We used data from the 2015 national Youth Risk Behavior Survey, a cross-sectional survey of a nationally representative sample of students in grades 9 to 12. The sample was restricted to students who dated during the 12 months before the survey, resulting in a sample of 5136 boys and 5307 girls. Sex-stratified logistic regression models estimated adjusted prevalence ratios (aPRs) and 95% confidence intervals (CIs) for associations between lifetime NMUPD and DVV. In our analyses, we examined a 4-level DVV measure: no DVV, physical only, sexual only, and both physical and sexual.

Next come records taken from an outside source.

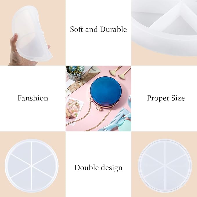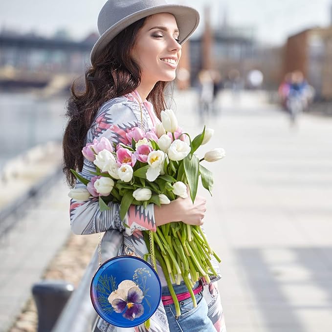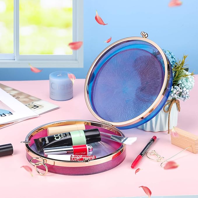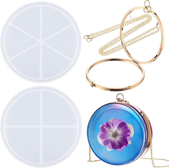 Shaker Clutch Bag Silicone Mold Set Round Bag Making Mold Dynamic Liquid Quicksand Resin Bag Mold Kit with Findings for DIY Handmade Bag Craft Supplies, 4 Pieces in Total
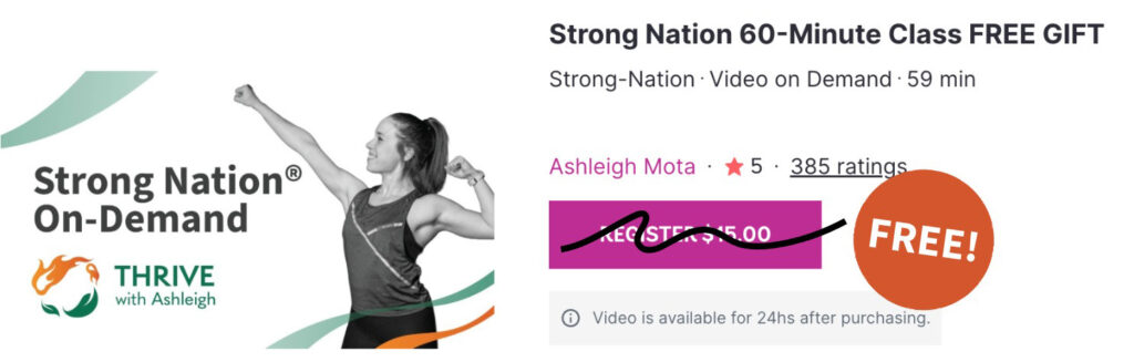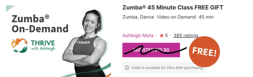 My on-demand class library includes classes filmed during 2020 and 2021. Yoga classes now available and a new Zumba content will be released with your 2026 THRIVE with Ashleigh Class Challenge! Stay tuned for more details.
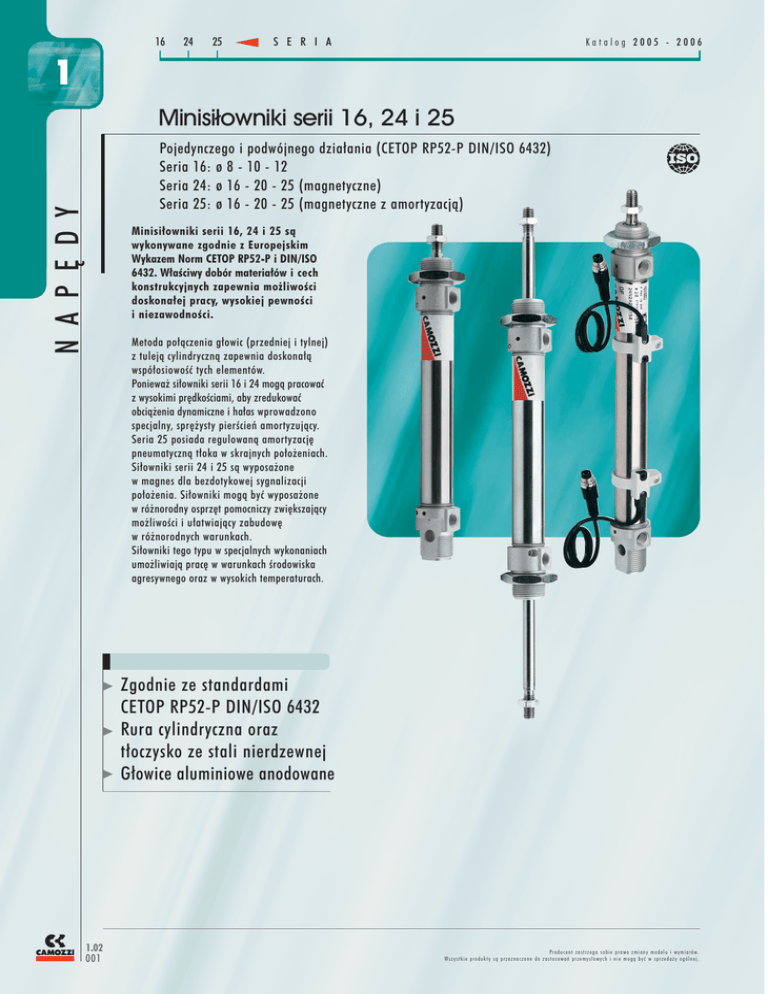 16 24 25 S E R I A Katalog 2005 - 2006 1 Minisi³owniki serii 16, 24 i 25 N A P Ę D Y Pojedynczego i podwójnego działania (CETOP RP52-P DIN/ISO 6432) Seria 16: ø 8 - 10 - 12 Seria 24: ø 16 - 20 - 25 (magnetyczne) Seria 25: ø 16 - 20 - 25 (magnetyczne z amortyzacją) Minisiłowniki serii 16, 24 i 25 są wykonywane zgodnie z Europejskim Wykazem Norm CETOP RP52-P i DIN/ISO 6432. Właściwy dobór materiałów i cech konstrukcyjnych zapewnia możliwości doskonałej pracy, wysokiej pewności i niezawodności. Metoda połączenia głowic (przedniej i tylnej) z tuleją cylindryczną zapewnia doskonałą współosiowość tych elementów. Ponieważ siłowniki serii 16 i 24 mogą pracować z wysokimi prędkościami, aby zredukować obciążenia dynamiczne i hałas wprowadzono specjalny, sprężysty pierścień amortyzujący. Seria 25 posiada regulowaną amortyzację pneumatyczną tłoka w skrajnych położeniach. Siłowniki serii 24 i 25 są wyposażone w magnes dla bezdotykowej sygnalizacji położenia. Siłowniki mogą być wyposażone w różnorodny osprzęt pomocniczy zwiększający możliwości i ułatwiający zabudowę w różnorodnych warunkach. Siłowniki tego typu w specjalnych wykonaniach umożliwiają pracę w warunkach środowiska agresywnego oraz w wysokich temperaturach. Zgodnie ze standardami CETOP RP52-P DIN/ISO 6432 Rura cylindryczna oraz tłoczysko ze stali nierdzewnej Głowice aluminiowe anodowane 1.02 001 Pr o d u c e n t z a s t r z e g a s o b i e p r a w o z m i a n y m o d e l u i w y m i a r ó w . Wszystkie produkty są przeznaczone do zastosowań przemysłowych i nie mogą być w sprzedaży ogólnej. S E R I A Katalog 2005 - 2006 16 24 25 1 DANE OGÓLNE głowice gwintowane, zagniecione pojedynczego i podwójnego działania głowice - aluminium, rura cylindryczna i tłoczysko - stal nierdzewna uszczelki - poliuretan, pozostałe elementy - patrz oznaczenia nakrętki, kołnierze, łapy, uchwyty wahliwe Seria 16 ø 8 ÷ ø 10: 10 - 250 mm / Seria 16: ø 12: 10 - 300 mm Seria 24 i 25 ø 16: 10 - 600 mm; ø 20 - ø 25: 10 - 1000 mm Seria 16: ø 8, 10, 12 / Seria 24 e 25: ø 16, 20, 25 0° ÷ 80°C (dla suchego powietrza -20°C) Uchwyty montażowe Zakres skoków Zakres temperatur N A P Ę D Y Rodzaj konstrukcji Działanie Materiały DANE PNEUMATYCZNE Ciśnienie pracy 1 ÷ 10 bar (podwójnego działania); 2 ÷ 10 bar (pojedynczego działania) Czynnik powietrze filtrowane, bez smarowania* Prędkość ruchu 10 ÷ 1000 mm/sek (bez obciążenia) * Jeśli prowadzone jest smarowanie powietrza, zalecany jest olej ISOVG32 (raz rozpoczęty proces smarowania musi być kontynuowany do końca eksploatacji) OZNACZENIE MINISIŁOWNIKÓW 24N2A16A100 SERIA 16 = niemagnetyczny 24 = magnetyczny 25 = magnetyczny z amortyzacją SPECJALNY - wyszczególnić V = uszczelnienie vitonowe tłoczyska ODMIANA N =standard SKOKI (patrz tabela) Uwaga: Siłowniki dostarczane są w komplecie z zamontowanymi nakrętkami (głowicy i tłoczyska) natomiast pozostałe elementy wyposażenia są dostarczane oddzielnie. DZIAŁANIE 1 = pojedynczego działania (pchający) 2 = podwójnego działania 3 = podwójnego działania, obustronne tłoczysko 7 = pojedynczego działania, obustronne tłoczysko RODZAJ WYPOSAŻENIA A = standard nakrętka na głowicy przedniej i nakrętka tłoczyska RL = hamulec tłoczyska ŚREDNICA TŁOKA 8 mm 16 mm 10 mm 20 mm 12 mm 25 mm STOSOWANE MATERIAŁY A = tłoczysko i rura - stal nierdzewna głowice - aluminium anodowane TABELA POKAZUJĄCA ZNORMALIZOWANE SKOKI MINISIŁOWNIKÓW podwójnego działania pojedynczego działania Seria 16 16 16 24 24 24 25 25 25 ø 8 10 12 16 20 25 16 20 25 10 25 40 50 Standardowe skoki siłowników 80 100 125 160 Pr o d u c e n t z a s t r z e g a s o b i e p r a w o z m i a n y m o d e l u i w y m i a r ó w . Wszystkie produkty są przeznaczone do zastosowań przemysłowych i nie mogą być w sprzedaży ogólnej. 200 250 300 320 400 500 1.02 002 16 24 S E R I A 25 Katalog 2005 - 2006 1 N A P Ę D Y TABELE PRZEDSTAWIAJĄCE SIŁY SPRĘŻYNY POWROTNEJ MINISIŁOWNIKÓW POJEDYNCZEGO DZIAŁANIA SERII 16 I 24 ø mm Skok mm 8 8 8 8 10 10 10 10 10 25 40 50 10 25 40 50 F1 (N) Tłoczysko cofnięte 5,14 4,15 3,16 2,5 5,14 4,15 3,16 2,5 F2 (N) Tłoczysko wysunięte 5,8 5,8 5,8 5,8 5,8 5,8 5,8 5,8 ø mm 12 12 12 12 16 16 16 16 Siły sprężyny powrotnej F1 (N) Skok Tłoczysko mm cofnięte 10 7,18 25 6,475 40 5,77 50 5,3 10 12,66 25 10,8 40 8,94 50 7,7 F2 (N) Tłoczysko wysunięte 7,65 7,65 7,65 7,65 13,9 13,9 13,9 13,9 EE M5 M5 M5 M5 G1/8 G1/8 L2 46 46 50 56 68 69,5 ø mm Skok mm 20 20 20 20 25 25 25 25 10 25 40 50 10 25 40 50 F1 (N) Tłoczysko cofnięte 20,96 18,05 15,14 13,2 23 20 17 15 F2 (N) Tłoczysko wysunięte 22,9 22,9 22,9 22,9 25 25 25 25 Minisi³owniki serii 16 - 24 - 25 + = dodać skok WYMIARY Seria 16 16 16 24-25 24-25 24-25 1.02 003 ø 8 10 12 16 20 25 EW KW BE 8 7 M12 x1,25 8 7 M12 x1,25 12 8 M16 x1,5 12 8 M16 x1,5 16 10 M22 x1,5 16 10 M22 x1,5 KK M4 x 0,7 M4 x 0,7 M6 x1 M6 x1 M8 x1,25 M10 x1,25 øCD øD1 4 9,3 4 11,3 6 14 6 18 8 22 8 27 Ø D2 4 4 6 6 8 10 L1 86 86 105 111 132 141,5 XC 64 64 75 82 95 104 AM 12 12 16 16 20 22 L3 10 10 15 15 18 20 L4 4,5 4,5 4,5 4 8 8 L5 12 12 17 17 20 22 L 6 6 9 9 12 12 WF 16 16 22 22 24 28 L6 9 9 9 10 16 16 L7 28 28 38 38 44 50 KV 19 19 24 24 32 32 SW 5 5 7 9 D 15 15 20 20 27 27 Pr o d u c e n t z a s t r z e g a s o b i e p r a w o z m i a n y m o d e l u i w y m i a r ó w . Wszystkie produkty są przeznaczone do zastosowań przemysłowych i nie mogą być w sprzedaży ogólnej. S E R I A Katalog 2005 - 2006 16 24 25 1 Minisi³owniki serii 16 - 24 - 25 Z obustronnym tłoczyskiem. N A P Ę D Y + = dodać skok ++ = dodać dwa razy skok WYMIARY Seria 16 16 16 24-25 24-25 24-25 ø 8 10 12 16 20 25 KW 7 7 8 8 10 10 BE M12 x1,25 M12 x1,25 M16 x1,5 M16 x1,5 M22 x1,5 M22 x1,5 KK M4 x 0,7 M4 x 0,7 M6 x1 M6 x1 M8 x1,25 M10 x1,25 øD1 9,3 11,3 14 18 22 27 EE M5 M5 M5 M5 G1/8 G1/8 Ø D2 4 4 6 6 8 10 L1 102 102 126 132 156 169,5 L2 46
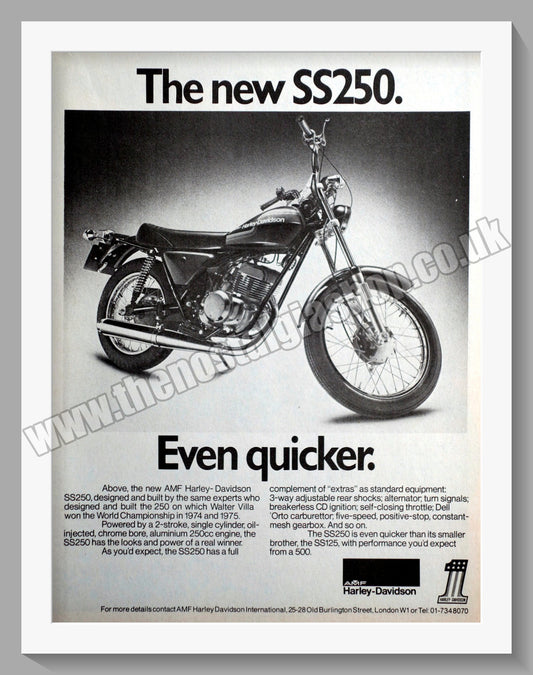Harley Davidson SS 250 Motorcycle. Original Advert 1975 (ref AD58408)

Male students had a significantly lower prevalence of DVV compared with female students. By using the 4-level measure of DVV, after adjusting for covariates, sexual DVV only (aPR = 1.61, 95% CI: 1.21–2.12) and both physical and sexual DVV (aPR = 1.65, 95% CI: 1.26–2.17) were positively associated with NUMPD among boys, whereas among girls, physical DVV only (aPR = 1.42, 95% CI: 1.16–1.75) and both physical and sexual DVV (aPR = 1.43, 95% CI: 1.03–1.99) were positively associated with NMUPD.


NMUPD was associated with experiences of DVV among both male and female students. Community- or school-based adolescent violence and substance use prevention efforts would be enhanced by considering the association between DVV and substance use, particularly NMUPD among both male and female adolescents, to address these public health problems.